Last Friday, China tumbled down more than 3% as the government pointed that the asset market had overrun itself. In Hong Kong, the housing market had risen to a level not seen in recent months. This prompted the banks to tighten up lending and the government to fight against the heated housing market.
In conclusion, the market is likely to cool off this coming week. However the market might want to push itself to the limits to hit the critical level of 10,000 for the Dow. The higher the market pushes in the coming week, the higher the possibility that the market will take a steep correction in the coming months. The market has been long overdue for a correction of at least 10%. Lastly, as the IMF slowly sells their Gold positions at multi year high prices, the dollar will likely strengthen in a short period of time.
The law of gravity – what went up must come down eventually.
Sector Rotation
This week, Financials (2.85%) led the market followed by Materials (2.66%), Consumer Discretionary (2.32%), Energy (2.19%), Industrials (1.54%), Utilities (1.09%), Consumer Staples (0.51%) and Health Care (-0.93%).
Homebuilders are likely to get a small boost in the coming week if the housing data manages to come out above expectations. A pullback is also highly possible as the 8k incentive to purchase houses will expire at the end of November this year.
The Commodity sector will be taking a back seat in the coming week. The dollar is expected to rebound from its lows, as there are rumors that the Fed might unwind some of the QE programs and even increase the fed fund rate by a quarter point in the near future. Potash cut its yearly guidance and this did not bode will with the sector.
Technical Analysis
The S&P500 Index closed at 1068 last week.
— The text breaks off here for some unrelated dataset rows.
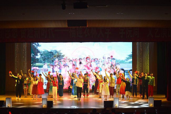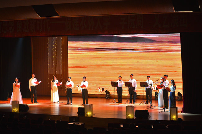 晚会在舞蹈《鼓瑟舞裳》所再现还原的敦煌壁画《十二仙女图》中拉开序幕,音舞诗画《我们的经典·玉人声声》表达了农林大学子对经典文化内涵的崭新理解。以武术、舞蹈、经典诵读等多种形式有机统一的节目《少年中国说》,演绎了“江山代有才人出”的盛世图景。小品《海魂》、歌舞《天下归心》、情景表演《共和国的脊梁》、朗诵《奋进吧 我们的新时代》、啦啦操《时代正青春》陆续登台,充分展现了材料工程学院学子多才多艺、自信昂扬的风采,博得现场观众的阵阵掌声。学院老师刘学莘献唱的《把一切献给党》更是把晚会推向了高潮,动人的旋律在刘老师富有感染力的歌声中流露出对党和国家的真挚情感。灯影戏《家国光影》灵感来自于凉山救火英雄的英勇事迹,节目以“光影”与“家书”作为载体,展示了当代消防英雄穿越火光、不惧生死、一心为民的英雄气概。最后,师生合唱团表演的合唱《我和我的祖国》作为晚会压轴节目,豪情万丈而又饱含深情,现场观众无不为之振奋、动容,为晚会的圆满落幕增添了浓墨重彩的一笔。
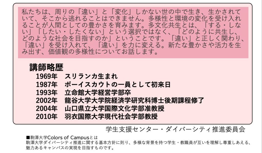 key words: ダイバーシティ月間/ダイバーシティ週間/ダイバーシティ講演/ダイバーシティ講演講師/ダイバーシティスピーカー/多文化共生講演/人権講演/大学講演/駒澤大学/にしゃんた
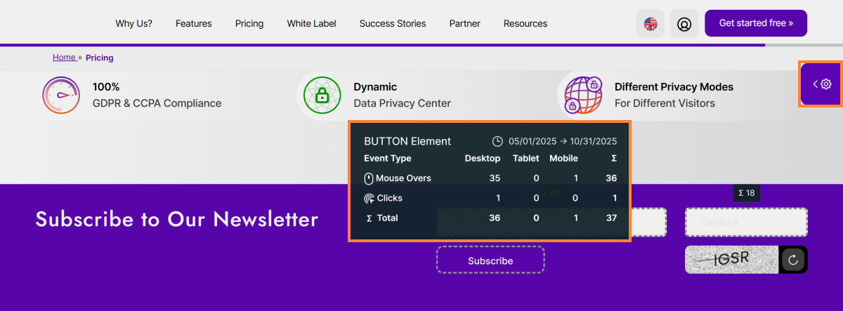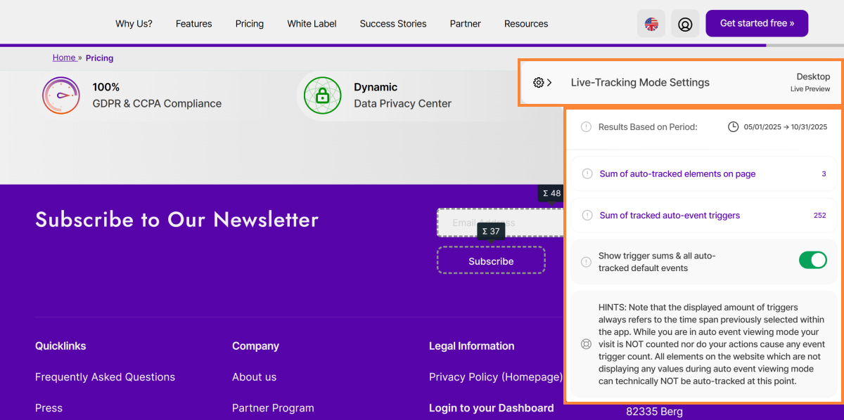 4. Show trigger sums & all auto-tracked default events: Activating this option will highlight all default elements which could be auto-detected by our system(only visible for you in this live tracking mode). Furthermore you will see a sum of all event triggers for each highlighted element in the selected period of time. Clicking on these trigger sums will provide you with more details about how this sum is generated.

This indicates a gain of 25 points (2.5%) from the previous week’s close.
Last week, the market rallied at the on Monday as investors and traders were betting on a good retail sales report on Tuesday. The market built rally after rally from Monday till Thursday. The U.S. market reacted strongly to the recession being ‘technically’ over. But the market took a break on Friday as bad news came out from China and Hong Kong.
The S&P500 had briefly tested the high of 1075 on Thursday before the market went into profit taking. The market had been rising and growing confidently for the past few weeks as September turned out to be a very bullish month. To date the S&P500 had grown to 7% from the beginning of the month. It is even more impressive given the fact that September is traditionally one of the most bearish months in history.
The optimism and confidence in the market had been growing steadily for the past few weeks. The market seems to be an easy ATM machine for the public, as it seems to be only going up. Many investors who are holding onto their cash had been lured into this market. This is because the investors are forced to invest in the stock market as currency continues to depreciate at an alarming pace.
Looking at weekly candles, the S&P500 Index is suggesting an upside movement if it can break above the 1075 level in the coming week.
Looking at daily candles, the S&P500 Index looks like it might be starting off the week with a negative Monday. This is because the candle shows a ‘Doji’ on Friday, which indicates a pause or potential reversal trend.
The immediate support levels are S1: 1050, S2: 1025 and S3: 1000.
The immediate resistance levels are R1: 1075, R2: 1100 and R3: 1150.
In conclusion, the market this coming week is likely to be bearish if it cannot break and hold above the 1075 level. The market will be looking at the strength of the dollar to decide which direction to follow. Watch out for increasing volumes, which might be selling into this unsustainable market’s rally.